Paul Afoko is Ghanaian politician and businessman.

Family and early life
Paul Afoko was born on 31 August 1954. He is from the royal family of Sandema in the Upper East Region of Ghana, therefore a Builsa. Afoko studied at the Bawku Secondary school, Navrongo Secondary School and the London School of Economics.

Politics
Afoko agitated against the union government idea during the regime of General Ignatius Kutu Acheampong in the 1970s as well as against the overthrow of Dr. Hilla Limann by J.J. Rawlings in the 1980s.

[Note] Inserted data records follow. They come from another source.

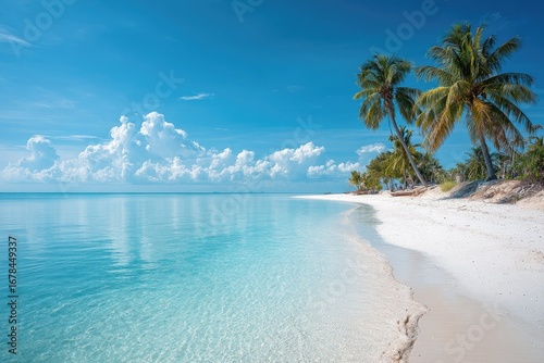 Fototapeta premium Pristine beach, turquoise water, palm trees, bright sky
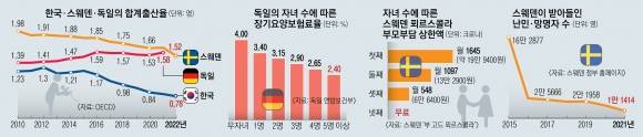 스웨덴도 OECD 평균 수준의 출산율을 유지하고 있지만 코로나19 이후 출산율 하락을 경험하며 새로운 정책을 모색 중이다. 스웨덴의 합계출산율은 2020년 1.66명, 2021년 1.67명, 지난해는 23년 만에 최저 수준인 1.52명까지 떨어졌다. 원인으로는 노동시장에서의 성별 불균형과 같은 ‘고용의 질’이 꼽힌다. 여성이 아이를 낳고 일할 수 있도록 양성평등을 이뤘지만, 육아휴직 후 10년이 지나지 않은 여성 노동자의 50%가 비정규직이다. 보수도 동일 직종 남성보다 10% 낮다. 스웨덴 사회보험청의 니클라스 로프그렌 대변인은 “여성 실업률이 높으면 출산율이 떨어진다”며 “육아휴직 90일을 쓰는 비율이 남성은 아직 30%에 못 미친다”고 말했다.
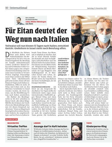 Vollwaise soll nun binnen 15 Tagen nach Italien, entschied Gericht. Großeltern in Israel steht noch Berufung offen.
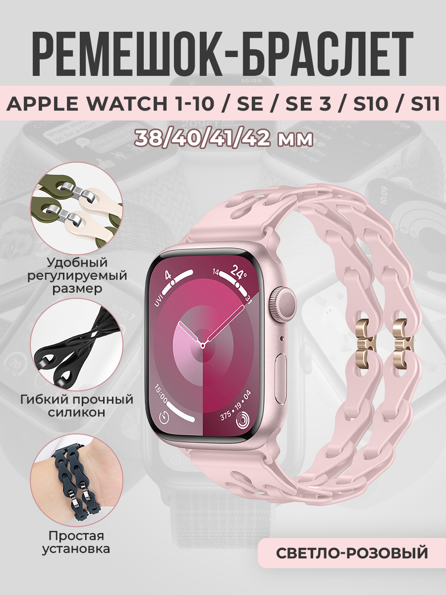 Модный силиконовый ремешок-браслет для Apple Watch 1-9 / SE / SE 3 (38/40/41 мм), 11/S10/S11, 42мм, светло-розовый
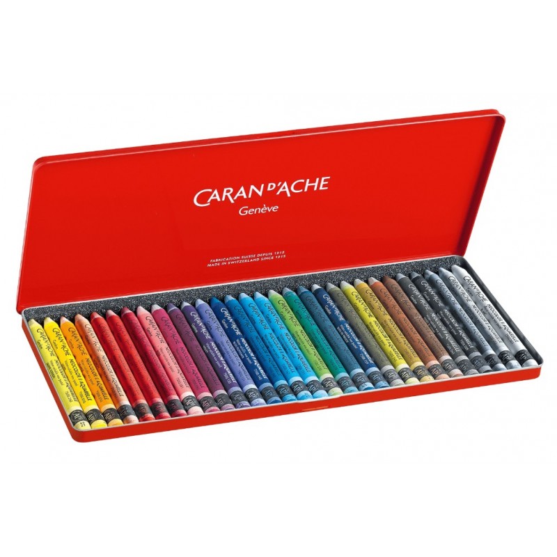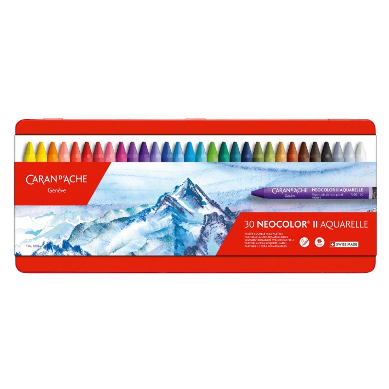 Caran d'Ache metalen etui met 30 kleuren Neocolor II Aquarelle wateroplosbare waskrijtjes.

He was jailed by the PNDC for his agitations but managed to escape to the United Kingdom where he stayed in exile for a number of years before returning to Ghana in 2000.

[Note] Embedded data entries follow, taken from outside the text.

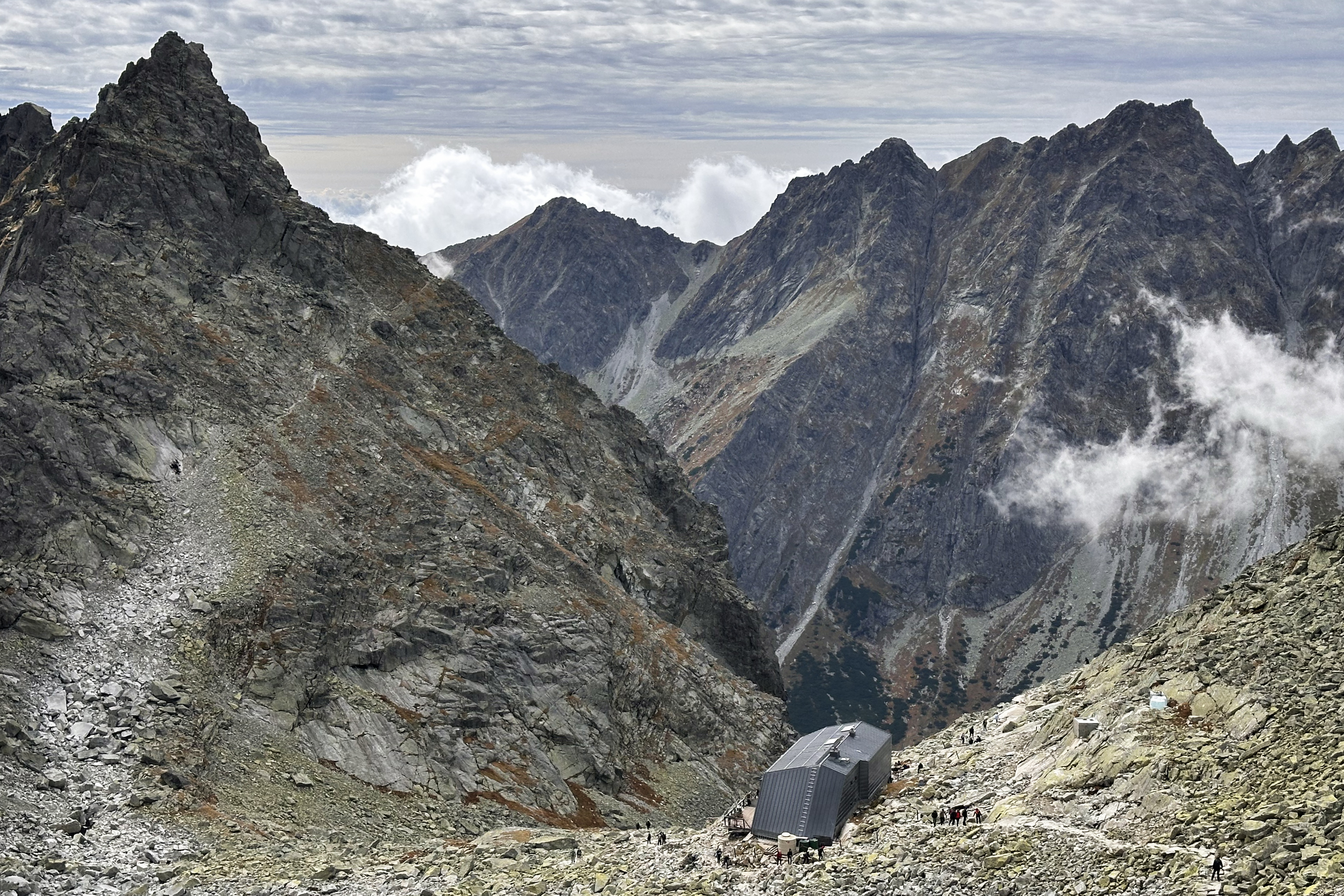 Less than an hour down the mountain, on the Slovak side, was Chata pod Rysmi (“Hut under Rysy”), the highest mountain hut in the Tatras. We stopped for a hot lunch and to use the nearby facilities (toilet with a view).
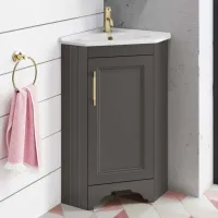 Lucia Graphite Grey Corner Basin Vanity 400mm - Brass Knurled Handle
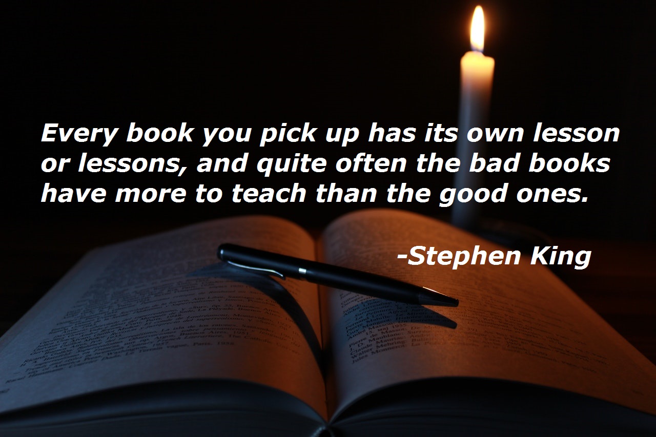 “Every book you pick up has its own lesson or lessons, and quite often the bad books have more to teach than the good ones.” – Stephen King, a.k.a. “The King of Horror” Today we have a few words of wisdom to share with you, someone who reads and writes. Yes, you are “someone whoContinue reading “Read Bad Books with Bad Writing”
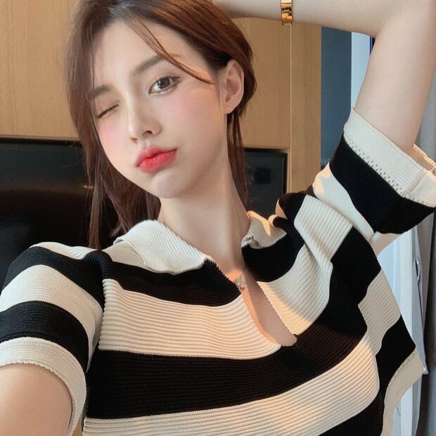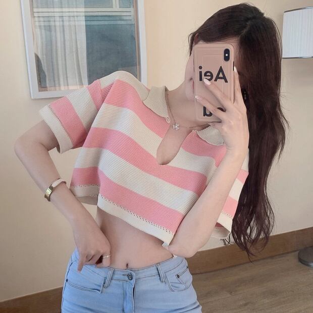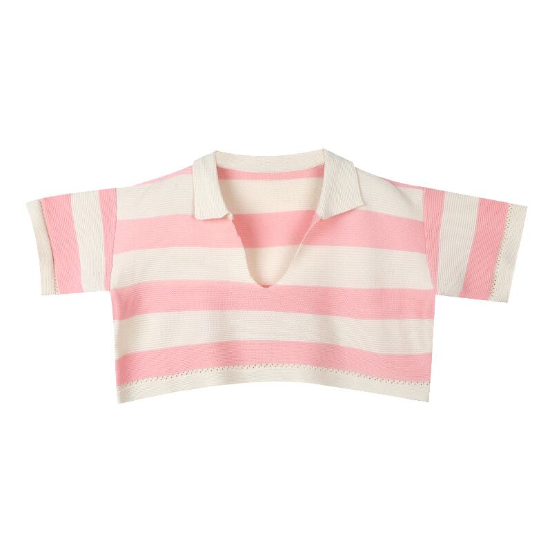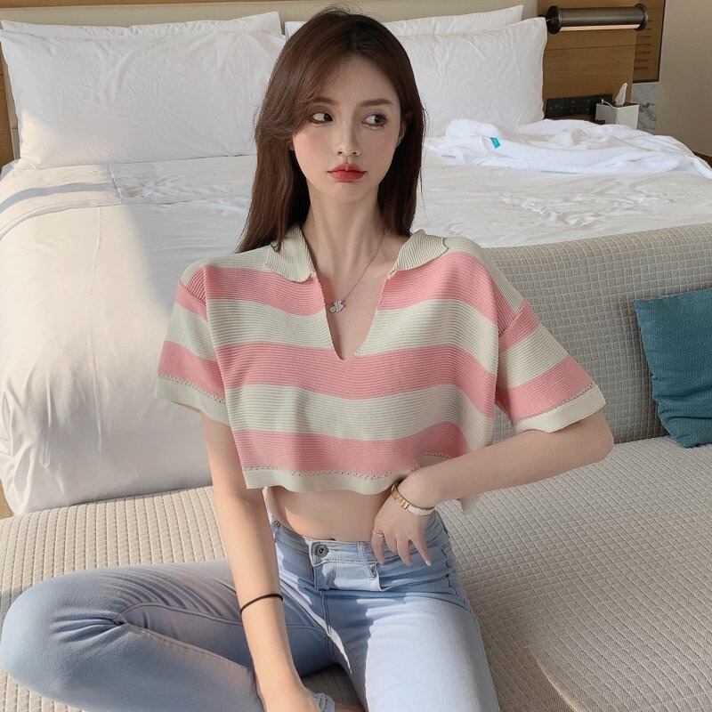 ショートサマースリムクロップドストライプTシャツ シャツ トップス 夏物 ナナファッション47525680266

During the 2007 contest to select NPP's candidate for the Ghanaian Presidency, Afoko was ushered out of NPP congress grounds in the University of Ghana by the police after he was attacked by others and accused ally of Alan Kyeremanteng, one of the contestants and was further accused of sharing money to delegates.

He won the contest for party chairmanship on 12 April 2014 at a party congress held in Tamale, Ghana's northern regional capital.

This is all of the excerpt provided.